Streptococcus pneumoniae is a Gram-positive diplococcus and causes invasive pneumococcal diseases (IPD), such as meningitis, bacteremia, and pleuritis, as well as non-IPD, such as pneumonia and otitis media, in humans.  Furthermore, some healthy individuals carry S. pneumoniae in their pharynx.  To prevent IPD, 15-valent or 20-valent pneumococcal conjugate vaccines (pneumococcal conjugate vaccine: PCV) are currently used in routine immunization for children in Japan.  Adults can also receive these vaccines on a voluntary basis (see p.26 of this issue).  Adults and children aged ≥2 years can also receive the 23-valent pneumococcal capsular polysaccharide vaccine (pneumococcal polysaccharide vaccine: PPSV23).  In addition, in August 2025, the 21-valent PCV (PCV21) was approved for adults in Japan.

Penicillin is a key drug in the treatment of pneumococcal infections.  S. pneumoniae has six types of penicillin-binding proteins (PBPs), among which PBP1A, PBP2B, and PBP2X are involved in resistance to β-lactam antimicrobials including penicillin (see p.34 of this issue).  S. pneumoniae is known to undergo genetic recombination (natural transformation) between strains of the same species or with closely related species such as Streptococcus mitis/Streptococcus oralis.  This genetic recombination is one of the factors that generate penicillin-resistant S. pneumoniae (PRSP).

PRSP infection is reported through designated sentinel sites (hospitals with 300 or more beds) as a Category V Infectious Disease under the Infectious Diseases Control Law.  When a physician at a designated sentinel site diagnoses this infectious disease, the administrator of the facility is obligated to submit a report to the jurisdictional public health center.  Because there was a change in the reporting criteria in April 2025, this article reports on the summary and the status of notifications of PRSP infection in Japan prior to the revision.

Revision of the reporting criteria for penicillin-resistant Streptococcus pneumoniae infection

From 7 April 2025, the reporting criteria for PRSP infection at designated sentinel sites were revised.  With this revision, the previously used criteria based on oxacillin susceptibility were abolished, and the criteria were unified to those based on penicillin susceptibility (see p.25 of this issue).  In addition, prior to the revision, the criterion of penicillin minimum inhibitory concentration (MIC) ≥0.125 μg/mL was applied even to pneumococcal isolates identified as the causative bacteria from specimens that are not normally sterile, such as sputum, pus, and urine; however, with this revision, for isolates derived from specimens that are not normally sterile, the criterion was changed to MIC ≥4 μg/mL.
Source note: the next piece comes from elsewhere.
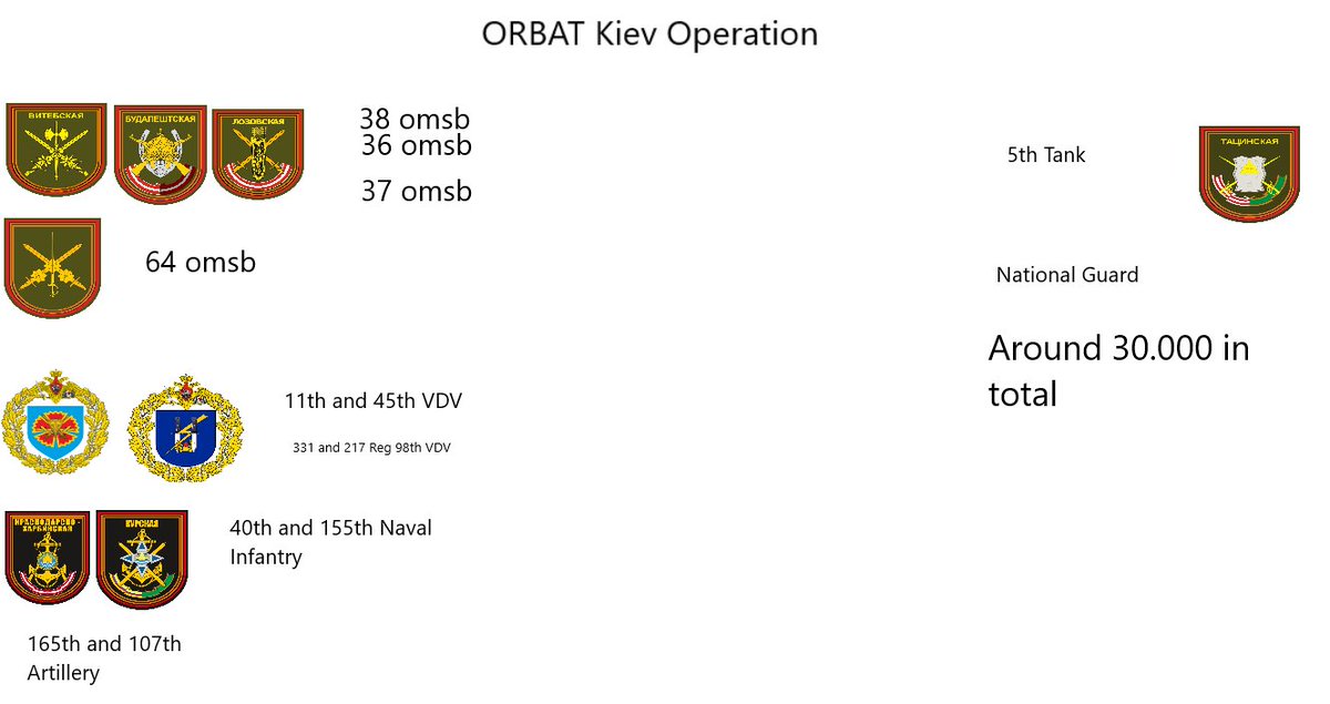(16) the 11th Guards Airborne, the 45th Spetsnaz, and several regiments from the 98th Air Assault Brigade responsible for the Gostomel Landing, the 40th and 155th Naval Infantry, and the 165th and 107th Artillery Regiments.

Clinical and Laboratory Standards Institute (CLSI) breakpoints are widely used as cutoff values to classify bacteria as susceptible or resistant based on antimicrobial susceptibility testing results (MIC values or inhibition zone diameters).  In CLSI breakpoints, resistance criteria differ between meningitis isolates and non-meningitis isolates among isolates derived from IPD.  This differs from the Japanese reporting criteria described above, which uniformly handle isolates derived from sterile specimens, including cerebrospinal fluid.  Readers should note that the definition of PRSP differs across articles in this issue as well.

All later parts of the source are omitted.